TASK TO CARRY OUT
Look through the entries below and copy exactly the part that begins with the line containing "Imagen 9. PTAR Fondo de capital privado" and ends with the line containing "ホストファミリーの埼玉会員令夫人". Do not copy the pictures.

RECORDS PROVIDED
---
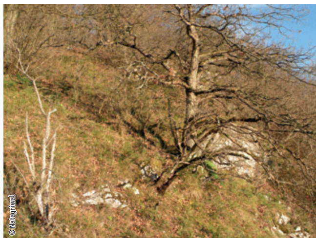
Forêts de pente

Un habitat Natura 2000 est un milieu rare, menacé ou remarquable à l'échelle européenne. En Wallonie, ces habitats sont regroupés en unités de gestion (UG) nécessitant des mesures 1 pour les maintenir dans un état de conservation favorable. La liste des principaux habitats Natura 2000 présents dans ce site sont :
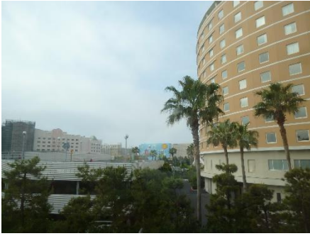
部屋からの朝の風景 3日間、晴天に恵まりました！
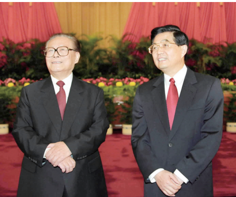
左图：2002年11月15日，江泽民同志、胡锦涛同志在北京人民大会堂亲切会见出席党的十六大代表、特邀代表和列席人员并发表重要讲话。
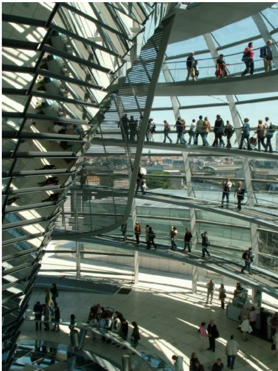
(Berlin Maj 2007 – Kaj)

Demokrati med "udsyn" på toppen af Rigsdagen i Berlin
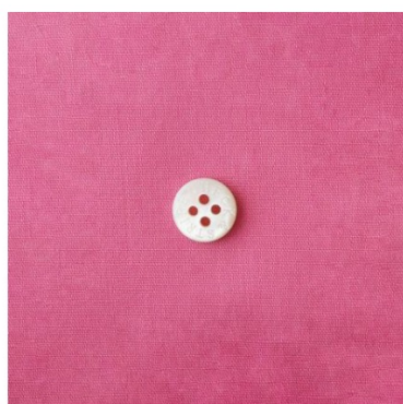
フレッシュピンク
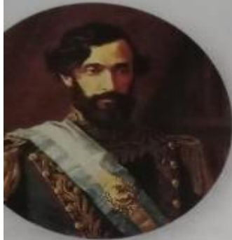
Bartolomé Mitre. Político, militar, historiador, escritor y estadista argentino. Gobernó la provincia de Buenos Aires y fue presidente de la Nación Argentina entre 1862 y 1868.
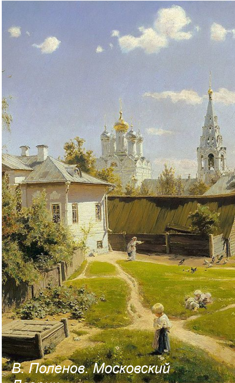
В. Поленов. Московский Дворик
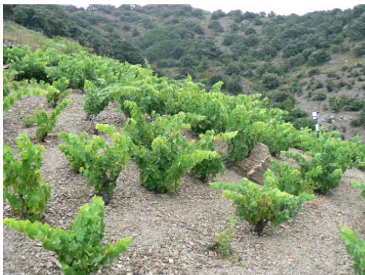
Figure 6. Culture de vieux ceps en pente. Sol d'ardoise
---
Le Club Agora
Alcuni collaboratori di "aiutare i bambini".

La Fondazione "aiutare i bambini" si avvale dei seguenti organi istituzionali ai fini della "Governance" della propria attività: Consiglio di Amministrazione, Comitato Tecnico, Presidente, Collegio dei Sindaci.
---
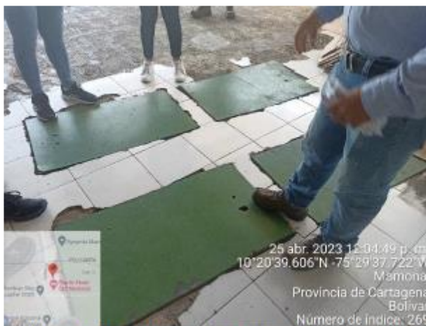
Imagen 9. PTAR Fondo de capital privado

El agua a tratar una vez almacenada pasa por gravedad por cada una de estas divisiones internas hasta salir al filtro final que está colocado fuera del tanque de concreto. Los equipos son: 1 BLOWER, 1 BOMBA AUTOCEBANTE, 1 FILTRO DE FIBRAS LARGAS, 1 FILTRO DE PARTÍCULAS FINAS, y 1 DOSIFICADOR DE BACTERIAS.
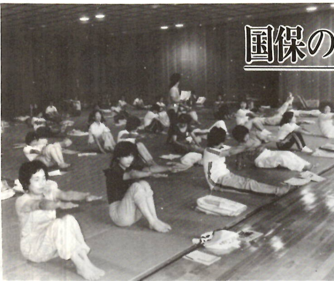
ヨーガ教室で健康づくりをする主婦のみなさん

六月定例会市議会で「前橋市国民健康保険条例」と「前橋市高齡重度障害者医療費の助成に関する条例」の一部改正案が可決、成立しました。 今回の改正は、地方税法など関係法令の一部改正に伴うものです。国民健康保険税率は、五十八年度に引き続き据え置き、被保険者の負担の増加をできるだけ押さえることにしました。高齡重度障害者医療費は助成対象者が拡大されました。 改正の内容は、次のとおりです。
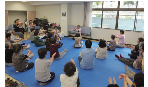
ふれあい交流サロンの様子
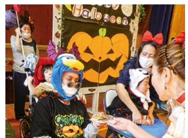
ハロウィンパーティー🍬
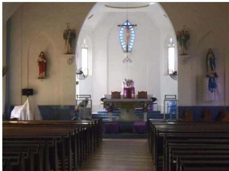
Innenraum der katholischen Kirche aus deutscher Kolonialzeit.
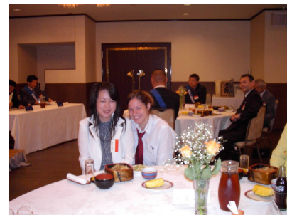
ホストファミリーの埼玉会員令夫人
---
RESULT
Imagen 9. PTAR Fondo de capital privado

El agua a tratar una vez almacenada pasa por gravedad por cada una de estas divisiones internas hasta salir al filtro final que está colocado fuera del tanque de concreto. Los equipos son: 1 BLOWER, 1 BOMBA AUTOCEBANTE, 1 FILTRO DE FIBRAS LARGAS, 1 FILTRO DE PARTÍCULAS FINAS, y 1 DOSIFICADOR DE BACTERIAS.
ヨーガ教室で健康づくりをする主婦のみなさん

六月定例会市議会で「前橋市国民健康保険条例」と「前橋市高齡重度障害者医療費の助成に関する条例」の一部改正案が可決、成立しました。 今回の改正は、地方税法など関係法令の一部改正に伴うものです。国民健康保険税率は、五十八年度に引き続き据え置き、被保険者の負担の増加をできるだけ押さえることにしました。高齡重度障害者医療費は助成対象者が拡大されました。 改正の内容は、次のとおりです。
ふれあい交流サロンの様子
ハロウィンパーティー🍬
Innenraum der katholischen Kirche aus deutscher Kolonialzeit.
ホストファミリーの埼玉会員令夫人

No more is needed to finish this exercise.